Information regarding the strand is not conserved (it is lost during the ampliﬁcation of the mRNA fragments).
- TruSeq RNA Sample Prep kit
- HISAT2 / TopHat / Cufﬂinks / Cuffdiff: library-type fr-unstranded
- HTSeq: stranded -- no
Directional, ﬁrst strand:
The second read (read 2) is from the original RNA strand/template, ﬁrst read (read 1) is from the opposite strand. The information of the strand is preserved as the original RNA strand is degradated due to the dUTPs incorporated in the second synthesis step.
- All dUTP methods, NSR, NNSR
- TruSeq Stranded Total RNA Sample Prep Kit
- TruSeq Stranded mRNA Sample Prep Kit
- NEB Ultra Directional RNA Library Prep Kit
- Agilent SureSelect Strand-Speciﬁc
- HISAT2 / TopHat / Cufﬂinks / Cuffdiff: library-type fr-ﬁrst (
- strand HTSeq: stranded -- reverse (
featurecount -s 2)
Directional, second strand:
The ﬁrst read (read 1) is from the original RNA strand/template, second read (read 2) is from the opposite strand. The directionality is preserved, as different adapters are ligated to different ends of the fragment.
- Directional Illumina (Ligation), Standard SOLiD
- ScriptSeq v2 RNA-Seq Library Preparation Kit (ribo-seq)
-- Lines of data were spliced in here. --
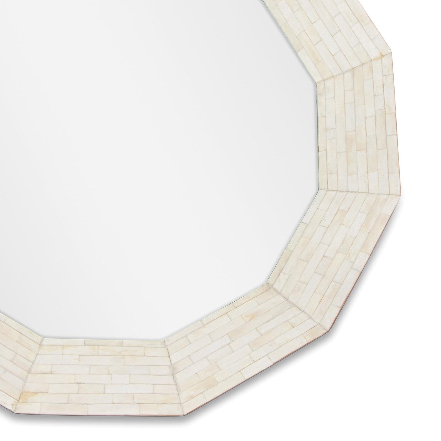 Ares has it all. The exquisite palette of natural bone, honed by skilled artisans, provides impeccable style and unique beauty in this handcrafted mosaic mirror design. As natural materials allow minor variations, no two are exactly alike.
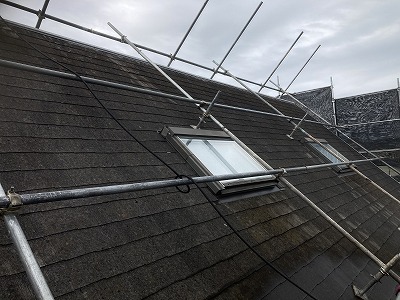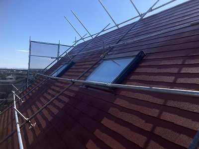 広陵町築18年の住宅を屋根塗装工事 モニエル瓦プライマー塗布
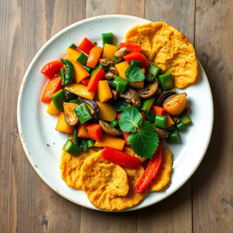 Refogado Colorido com Legumes Frescos e Farofa Crocante
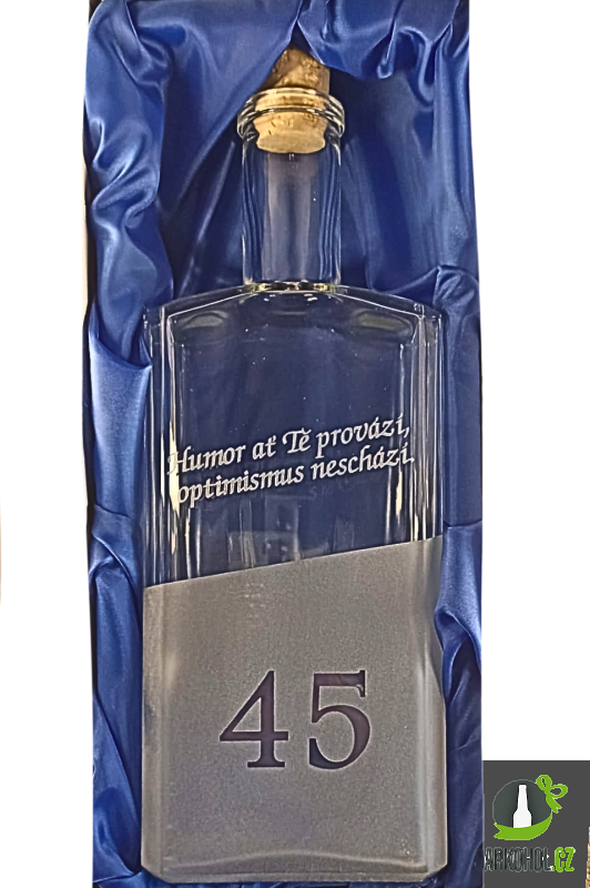 Ručně pískovaná skleněná láhev ve tvaru knihy o objemu 1l s nápisem " Humor ať ťě provází,optimismus neschází 45 let "

- SMARTer Stranded Total RNA
- Encore Complete RNA-Seq Library Systems
- NuGEN SoLo
- HISAT2 / TopHat / Cufﬂinks / Cuffdiff: library-type fr-secondstrand (
- HTSeq: stranded -- yes (
featurecount -s 1)
Note also that the --fr/--rf/--ff or "Order of mates to align" parameter in Bowtie has similar sounding parameter options: [--fr: "Forward/reverse", --rf: "Reverse/Forward", --ff: "Forward/forward"]. However, these parameters are a bit different story, as they explain how the paired end reads are oriented towards each other (-> <-, -> -> or <- ->). The default (--fr, -> <-) is appropriate for Illumina's paired-end reads: it means that read 1 appears upstream of the reverse complement of read 2, or vice versa. When running TopHat, the library-type parameter is delivered to Bowtie, so the user doesn't have to worry about that too much.